Most yeasts will take the cider all the way down to about 0.992-0.994. That's not an exaggeration. That is very dry. But often it takes a couple of weeks to get from 0.999 to 0.992 or whatever. It's those last few points that take forever. There's enough yeast for natural carbonation at that point; HOWEVER.......
If you want a sweeter cider than that, you either need to kill the yeast with sorbate and sulfite, then backsweeten, or you need to stall the fermentation with gelatin, racking, low temperature (that's what I do), or you can try bottling then heating the bottles to pasteurize although this seems dangerous to me and will probably make the cider taste cooked.
In any of these cases, natural carbonation is very difficult. I mean, if you want to carbonate a dry cider at 0.992, no problem, you can prime and bottle just like a beer, and it will ferment out back to dryness around 0.992. Just realize that in this case, it takes a good month or two to carbonate -- it's just a bit slower than it would be for beer, but it will work. But if you are killing your yeast, then obviously they won't do a very good job of natural carbonation anymore.

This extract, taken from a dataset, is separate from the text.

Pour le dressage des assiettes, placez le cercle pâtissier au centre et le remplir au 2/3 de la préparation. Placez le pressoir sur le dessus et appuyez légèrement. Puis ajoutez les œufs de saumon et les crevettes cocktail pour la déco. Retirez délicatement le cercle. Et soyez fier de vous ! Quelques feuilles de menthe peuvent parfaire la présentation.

With my method of gelatin, racking, and chilling to stall the yeast before they're finished, basically waiting several months for them to get really really tired before bottling, I find that I can get carbonation after priming and bottling, but it takes a good 5 or 6 months at least for that to happen. In the meantime, I drink most of the cider while young, without carbonation, and it's only the last handful of bottles that eventually get sparkling, and then I drink those and it's gone. Works for me. But this requires maximum laziness I mean patience. And I am a very very lazy I mean patient guy.
You could of course bottle with forced carbonation if you have the equipment for that. That's the easiest, if you have the equipment (I don't).
So all in all, trying to get a sweet cider that is also carbonated is really a crapshoot, unless you force carb.